Problem details | Starting at the top of the entries below, write out each line up to and including the one containing "A szálloda gazdag". Leave the pictures out.

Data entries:
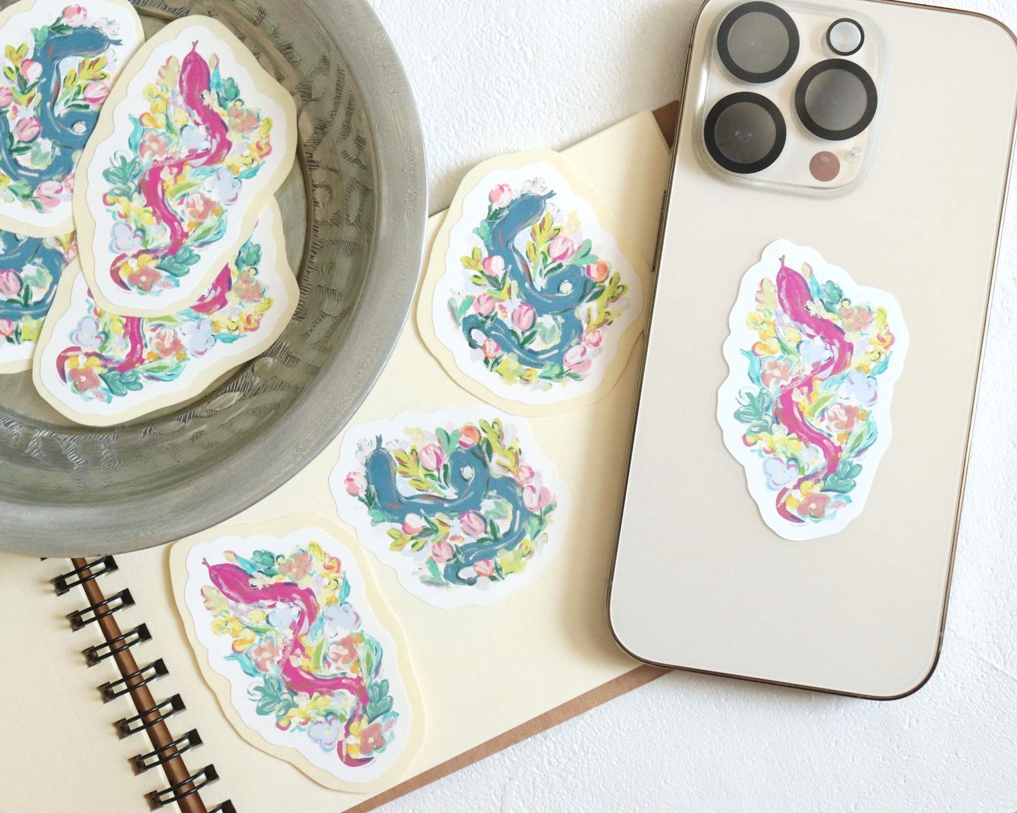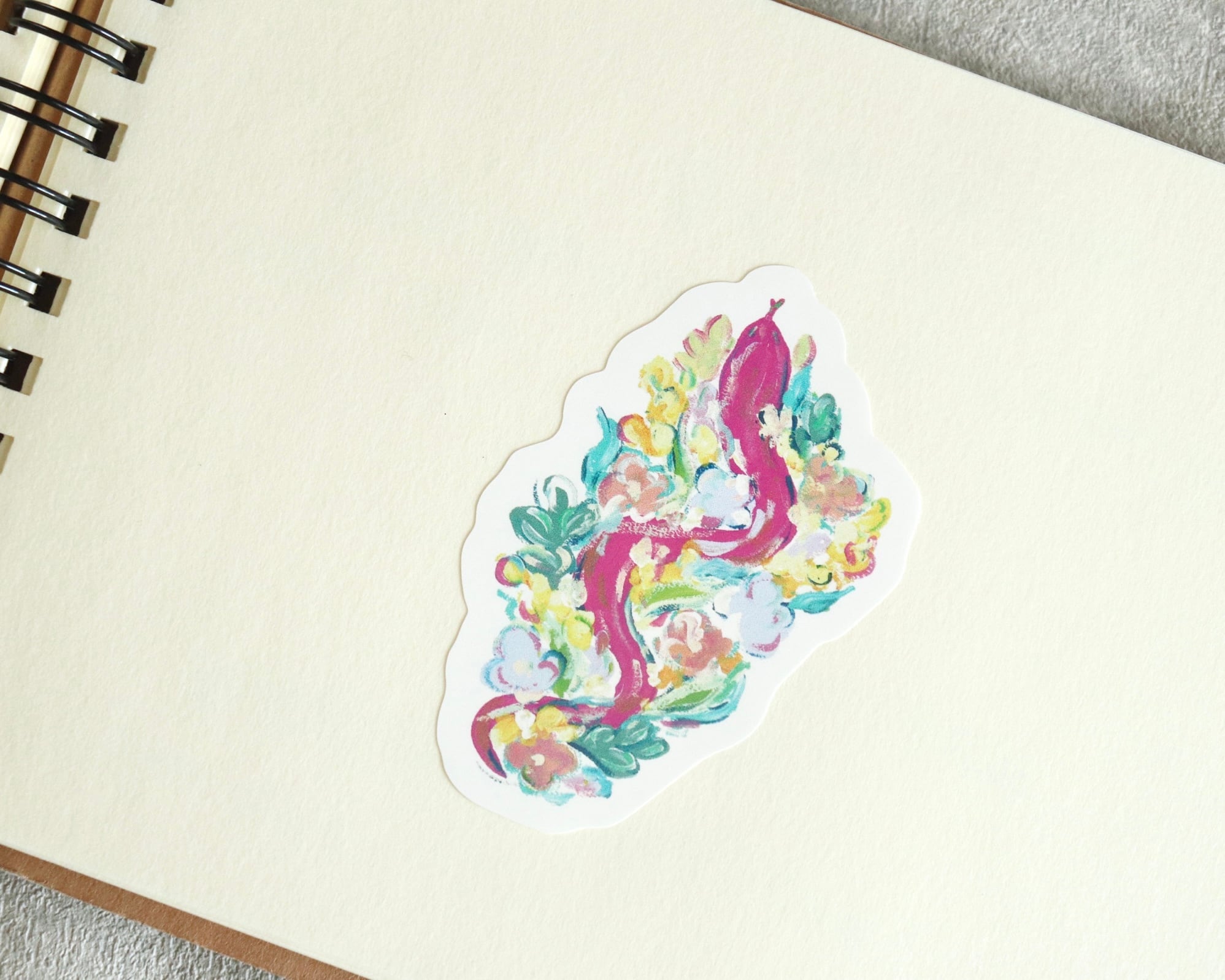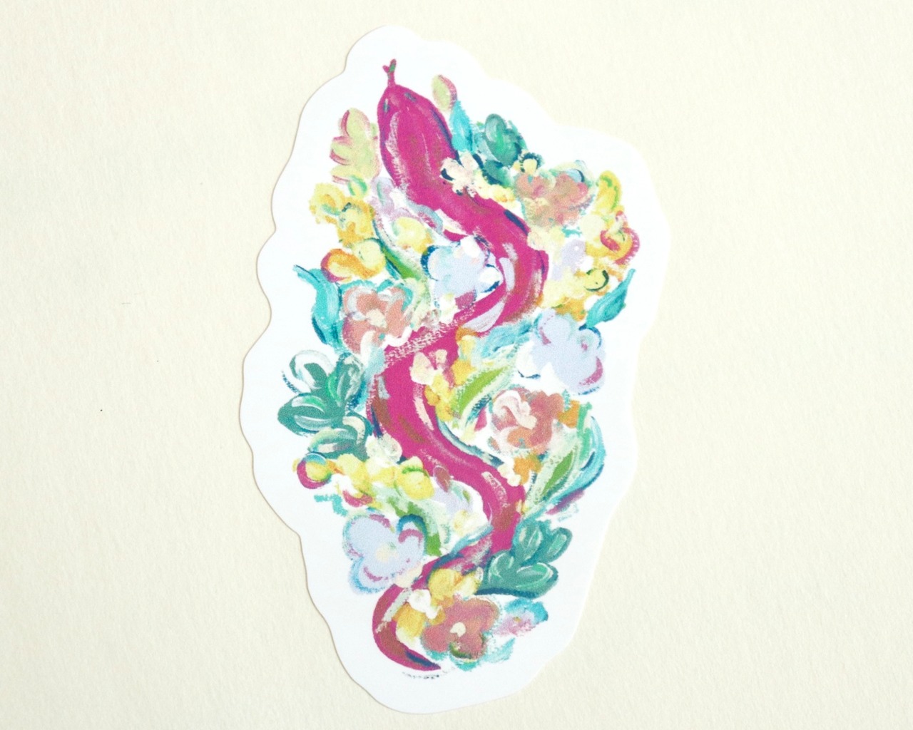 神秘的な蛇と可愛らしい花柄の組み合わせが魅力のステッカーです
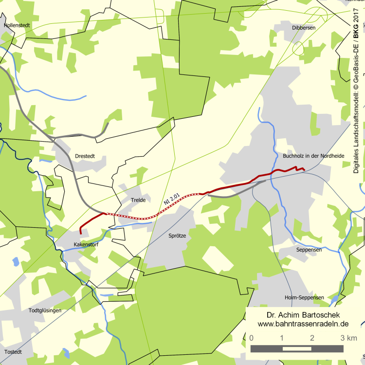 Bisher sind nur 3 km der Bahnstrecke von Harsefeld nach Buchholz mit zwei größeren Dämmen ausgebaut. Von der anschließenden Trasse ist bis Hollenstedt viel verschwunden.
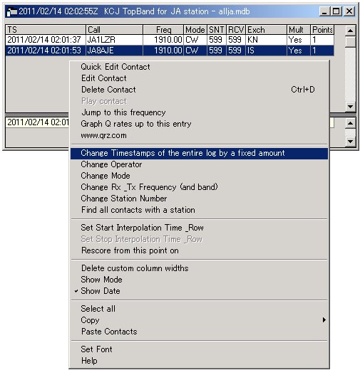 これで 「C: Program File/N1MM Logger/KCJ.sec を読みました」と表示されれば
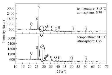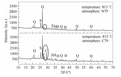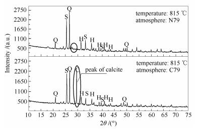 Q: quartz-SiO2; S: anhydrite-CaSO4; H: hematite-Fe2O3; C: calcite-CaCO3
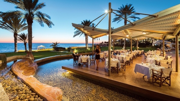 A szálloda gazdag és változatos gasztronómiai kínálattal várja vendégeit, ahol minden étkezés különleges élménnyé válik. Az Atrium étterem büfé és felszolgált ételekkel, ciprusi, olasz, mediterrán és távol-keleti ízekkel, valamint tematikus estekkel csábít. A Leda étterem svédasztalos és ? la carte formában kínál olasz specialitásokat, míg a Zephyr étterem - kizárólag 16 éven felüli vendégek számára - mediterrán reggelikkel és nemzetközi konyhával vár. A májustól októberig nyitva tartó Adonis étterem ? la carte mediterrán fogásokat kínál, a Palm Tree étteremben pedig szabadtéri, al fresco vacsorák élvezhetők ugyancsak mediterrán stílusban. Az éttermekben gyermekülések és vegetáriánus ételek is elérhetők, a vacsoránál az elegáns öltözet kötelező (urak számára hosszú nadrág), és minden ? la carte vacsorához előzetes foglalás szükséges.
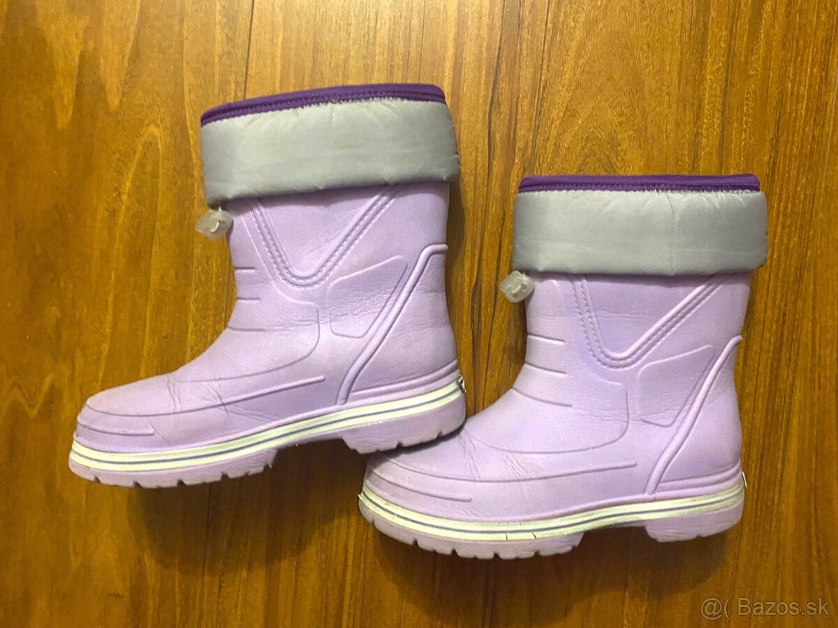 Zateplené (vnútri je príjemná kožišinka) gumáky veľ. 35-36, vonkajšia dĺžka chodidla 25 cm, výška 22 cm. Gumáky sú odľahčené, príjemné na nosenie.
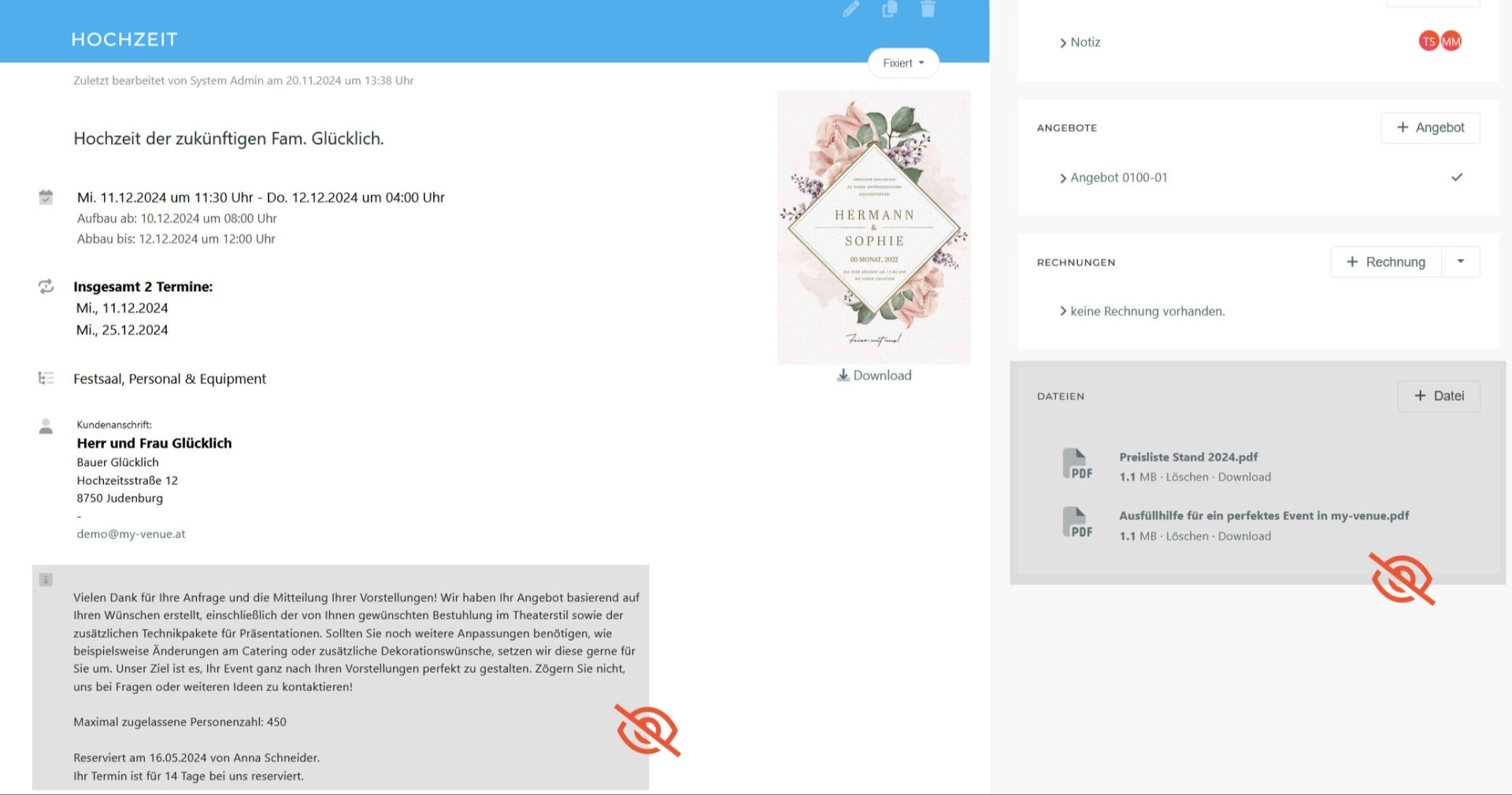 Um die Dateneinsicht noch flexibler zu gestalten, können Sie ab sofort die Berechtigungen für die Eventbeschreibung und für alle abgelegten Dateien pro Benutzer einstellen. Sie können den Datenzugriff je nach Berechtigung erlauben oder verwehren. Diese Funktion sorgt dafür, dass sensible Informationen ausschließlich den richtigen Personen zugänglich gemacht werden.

Written response |
 神秘的な蛇と可愛らしい花柄の組み合わせが魅力のステッカーです
 Bisher sind nur 3 km der Bahnstrecke von Harsefeld nach Buchholz mit zwei größeren Dämmen ausgebaut. Von der anschließenden Trasse ist bis Hollenstedt viel verschwunden.
 これで 「C: Program File/N1MM Logger/KCJ.sec を読みました」と表示されれば
 Q: quartz-SiO2; S: anhydrite-CaSO4; H: hematite-Fe2O3; C: calcite-CaCO3
 A szálloda gazdag és változatos gasztronómiai kínálattal várja vendégeit, ahol minden étkezés különleges élménnyé válik. Az Atrium étterem büfé és felszolgált ételekkel, ciprusi, olasz, mediterrán és távol-keleti ízekkel, valamint tematikus estekkel csábít. A Leda étterem svédasztalos és ? la carte formában kínál olasz specialitásokat, míg a Zephyr étterem - kizárólag 16 éven felüli vendégek számára - mediterrán reggelikkel és nemzetközi konyhával vár. A májustól októberig nyitva tartó Adonis étterem ? la carte mediterrán fogásokat kínál, a Palm Tree étteremben pedig szabadtéri, al fresco vacsorák élvezhetők ugyancsak mediterrán stílusban. Az éttermekben gyermekülések és vegetáriánus ételek is elérhetők, a vacsoránál az elegáns öltözet kötelező (urak számára hosszú nadrág), és minden ? la carte vacsorához előzetes foglalás szükséges.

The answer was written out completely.